Software as a Medical Device:

Regulating AI in Healthcare via Responsible AI

KDD 2021 Tutorial

Tutorial Presentors

Muhammad Aurangzeb Ahmad ^1,2
Dr. Carly Eckert M.D. ^2,3
Christine Allen ²
Vikas Kumar ²
Ankur Teredesai ^2,5

Affiliations

Department of Computer Science, University of Washington – Bothell
KenSci Inc. Seattle, Washington
Department of Bioinformatics and Medical Education, University of Washington
Department of Epidemiology, University of Washington
Department of Computer Science, Center for Data Science, University of Washington - Tacoma

Corresponding Author: Muhammad Aurangzeb Ahmad maahmad@uw.edu

Short Abstract

Long Abstract

Responsible AI is a fundamental requirement for application of AI and machine learning (ML) in healthcare. With the increased adoption of AI/ML in this domain, there is an growing recognition and demand to regulate AI/ML in healthcare to avoid potential harm and unfair bias against vulnerable populations. The regulatory bodies like the FDA, European Union’s GDPR, China’s New Generation AI Governance Expert Committee etc. have either promulgated or put forward regulatory frameworks for responsible AI. The challenge of implementing a responsible AI system which complies with potential regulations thus becomes a daunting task given the complexity of the problem.
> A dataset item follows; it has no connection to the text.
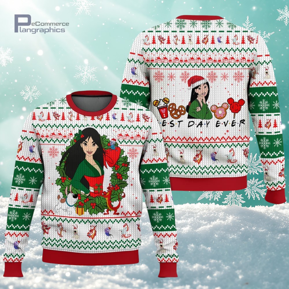 Pretty Mulan Disney Princess Best Day Ever Christmas 3D All Over Printed Ugly Christmas Sweater

This is especially difficult for researchers and practitioners who are starting out or who may not have domain expertise in both healthcare and AI. A survey of the various regulations proposed by around a hundred governmental bodies and commissions as well as leaders in the tech sector like Google, Facebook, Amazon, Baidu etc. reveal that many of these proposals are short on specifics. This has also led to charges of ethics washing where guidelines for ethical or responsible AI are used as a cover to not invest in meaningful AI/ML infrastructure and systems. In this tutorial we offer a guide to help navigate through the complex regulations and explain the various constituent practical elements of a responsible AI system in healthcare in the light of proposed regulations. Additionally, we breakdown and emphasize that the recommendations from regulatory bodies like FDA or the EU are necessary but not sufficient elements of creating a responsible AI system.

In the tutorial we will elucidate how regulations and guidelines often focus on epistemic concerns to the detriment of practical concerns e.g., requirement for fairness without explicating what fairness constitutes in a given use case. We posit that responsible AI/ML in healthcare is a systems level problem. It constitutes the IT-infrastructure, the AI/ML components, healthcare delivery and services tied to the ML models, and monitoring the outcomes. Regulatory regimes have traditionally required expectation of well defined and somewhat deterministic behavior from software. AI/ML in general does not fit into this mold given the stochastic and probabilistic nature of such systems. Preliminary guidelines released by the FDA in early 2021 for AI/ML based software as a medical device (henceforth SaMD document) extends regulatory frameworks by incorporating pre-determined change control plans in software regulation i.e., defining beforehand the scope of what is likely to change in a model. In this tutorial we will go through a use case regarding what are the technical requirements for such a change control plan and what limitations it may have post-deployment.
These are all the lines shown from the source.